- Directed by: Richard Gray
- Written by: Abe Pogos
- Produced by: Michele Gray; Richard Gray; Jamie Houge; Virginia Kay; Nick Farnell; John Garrett; Kaine Harling; Steve Ponce;
- Starring: Cary Elwes; Jason Momoa; Drew Roy; Haley Webb; Shane Coffey;
- Cinematography: John Garrett
- Edited by: Christopher Kroll
- Music by: Alies Sluiter
- Production company: Yellow Brick Films
- Distributed by: Screen Media
- Release date: September 12, 2016;
- Running time: 105 minutes
- Country: United States
- Language: English

= Sugar Mountain (film) =

Sugar Mountain is a 2016 American thriller film directed by Richard Gray and written by Abe Pogos. The film stars Cary Elwes, Jason Momoa, Drew Roy, Haley Webb, and Shane Coffey. Filming began on March 10, 2014 in Seward, Alaska and ended on April 18.

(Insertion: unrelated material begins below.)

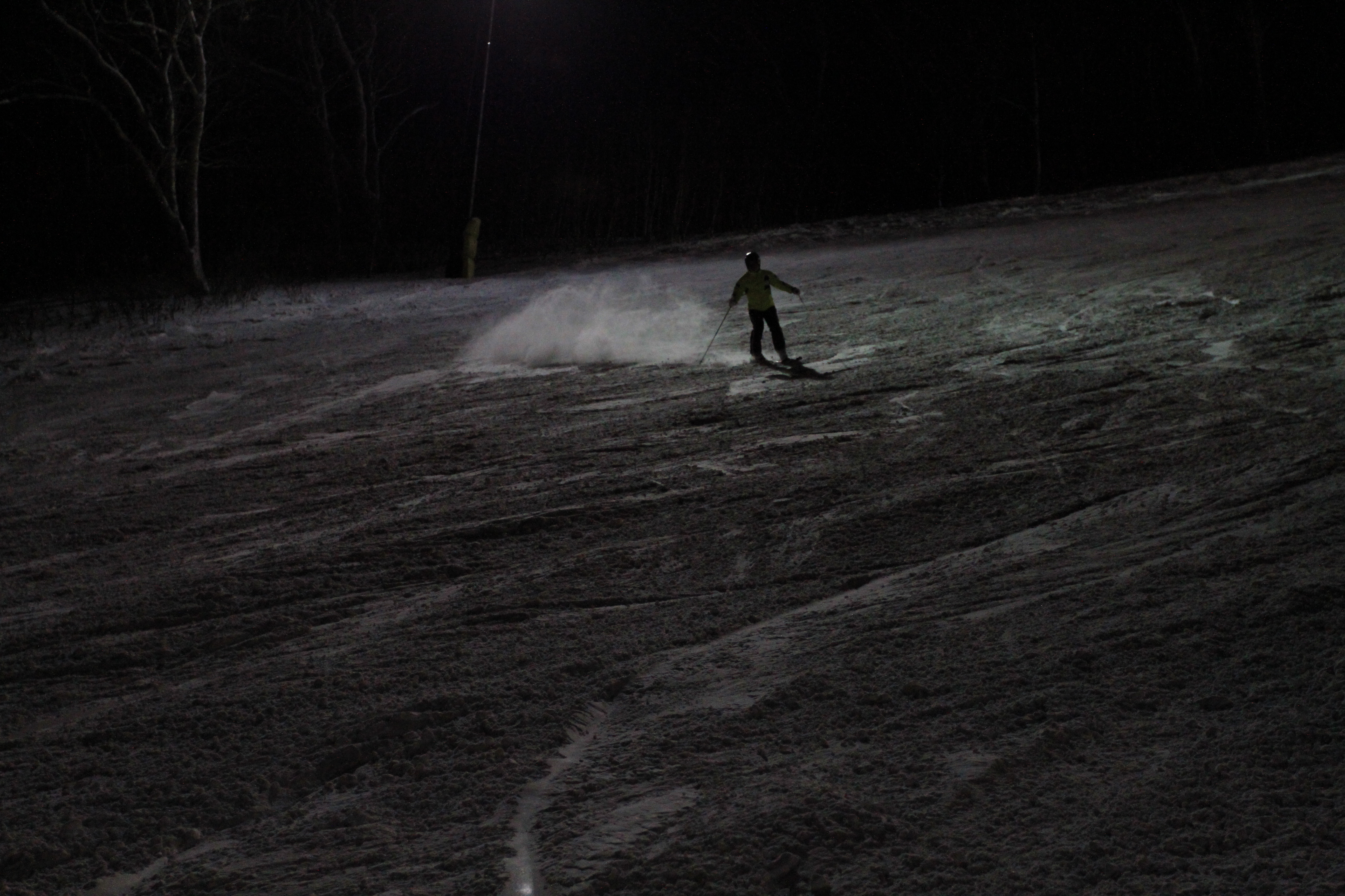 Night skiing is blissful. It’s like swimming in a lake on a hot summer night, only this time, it’s a bone-chilling minus 20. The skiing techniques are the same — knees bent, hands forward — but the atmosphere and the alien light make it a totally different and otherworldly experience.

The film was released in the United States on December 9, 2016.

==Plot==

A man tries to fake going missing for a few days to sell his survival story. But, things quickly get out of hand.

== Cast ==
- Cary Elwes as Jim Huxley
- Jason Momoa as Joe Bright
- Drew Roy as Miles West
- Haley Webb as Lauren Huxley
- Shane Coffey as Liam West
- Melora Walters as Tracey Huxley
- Anna Hutchison as Angie Miller
- John Karna as Josh Miller
- Steve Mouzakis as Randy

== Production ==
The film originally had been set in Australia until the filmmakers found a suitable location in Alaska. The executive producer responsible for arranging a considerable amount of the film finance was Kaine Harling. Principal photography began March 10, 2014 in the town of Seward, lasting six weeks. Filming ended on April 18, 2014.